Reactance can be eliminated by successfully concealing attempts to manipulate or control behavior. Unlike conventional advertising, stealth marketing is not openly attributed to the organization behind it. This neutralizes mistrust of tobacco companies, which is widespread among children and the teenagers who provide the industry with most new addicts.[3]: Ch.6&7  The internet and social media are particularly suited to stealth and viral marketing, which is also cheap;[22] nicotine companies now spend tens of millions per year on online marketing.[23]

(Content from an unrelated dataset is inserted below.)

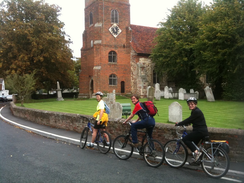 Thank you Doug for organising an interesting cycle ride round the Dengie peninsular. We met at Southminster railway station as planned, although numbers were modest thanks to a less than promising weather forecast. It was dry at 10:30, so the five of us decided to set off straight away to try and get as many dry miles under our belt as possible. The first village was Tillingham, which made a convenient loo stop, then we continued on to Bradwell. We could have paused here for a beer, but we were very conscious of the glowering clouds, so we only stopped long enough to pick up Doug’s previously deposited cycle helmet before pressing on to St Peter’s Ad Murum at Bradwell. St Peter’s is probably the oldest church in the country and it’s certainly a very atmospheric place. Whilst the cycle ride would have been nicer in blazing sunshine, it has to be said that the stormy clouds did lend the place a certain something!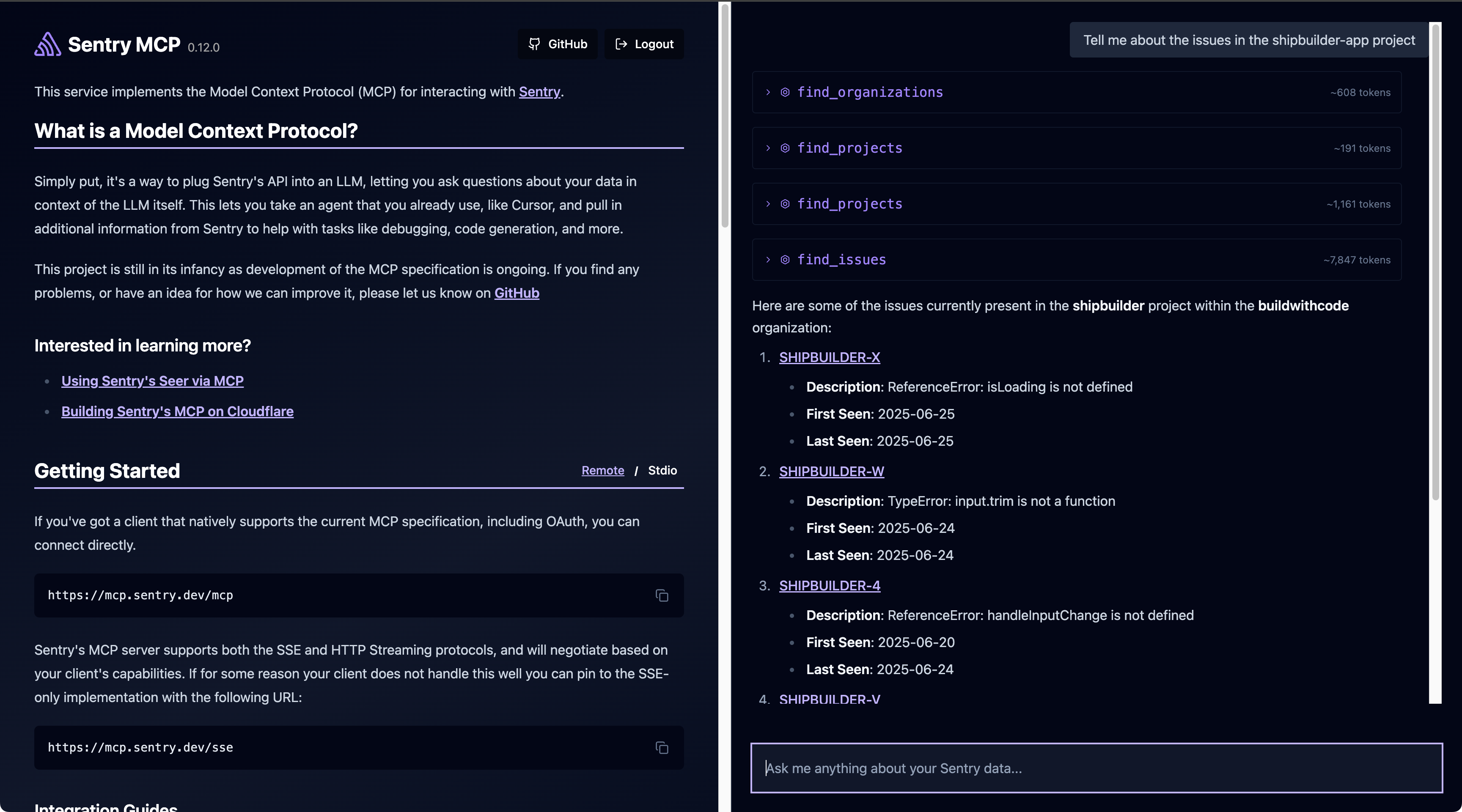 - OAuth support - Authenticate using your existing Sentry organization for seamless access to your projects

Counter-advertising also shows awareness of reactance; it rarely tells the viewer what to do. More commonly, it cites statistics about addictiveness and other health effects. Some anti-smoking ads dramatise the statistics (e.g. by piling 1200 body bags in front of the New York headquarters of Philip Morris, now Altria, to illustrate the number of people dying daily from smoking);[24] others document individual experiences.[25] Providing information does not generally provoke reactance.

Social conformity

Advertisement featuring baseball player Joe DiMaggio in 1941

Despite products being marketed as individualistic and non-conformist, people generally actually start using due to peer pressure. Being offered a cigarette is one of the largest risk factors for smoking.[3]: 256–257  Boys with a high degree of social conformity are also more likely to start smoking.[3]: 216 

Social pressure is deliberately used in marketing, often using stealth marketing techniques to avoid triggering reactance. "Roachers", selected for good looks, style, charm,[3]: 110  and being slightly older than the targets,[26] are hired to offer samples of the product.[3]: 110  "Hipsters" are also recruited clandestinely from the bar and nightclub scene to sell cigarettes, and ads are placed in alternative media publications with "hip credibility".[3]: 108–110  Other strategies include sponsoring bands and seeking to give an impression of usage by scattering empty cigarette packages.[27]

Ads also use the threat of social isolation, implied or explicit (e.g. "Nobody likes a quitter").[28] Great care is taken to maintain the impression that a brand is popular and growing in popularity, and that people who smoke the brand are popular[3]: 217 

Marketing seeks to create a desirable identity as a user, or a user of a specific brand. It seeks to associate nicotine use with rising social identities (see, for instance, the illustrating ad, and history of nicotine marketing in the woman's and civil rights movements, and its use of western affluence in the developing world, below). It seeks to associate nicotine use with positive traits, such as intelligence, fun, sexiness, sociability, high social status, wealth, health, athleticism, and pleasant outdoor pursuits. Many of these associations are fairly implausible; smoking is not generally considered an intelligent choice, even by smokers; most smokers feel miserable about smoking,[20] smoking causes impotence,[29][30][31] many smokers feel socially stigmatized for smoking,[20] and smoking is expensive and unhealthy.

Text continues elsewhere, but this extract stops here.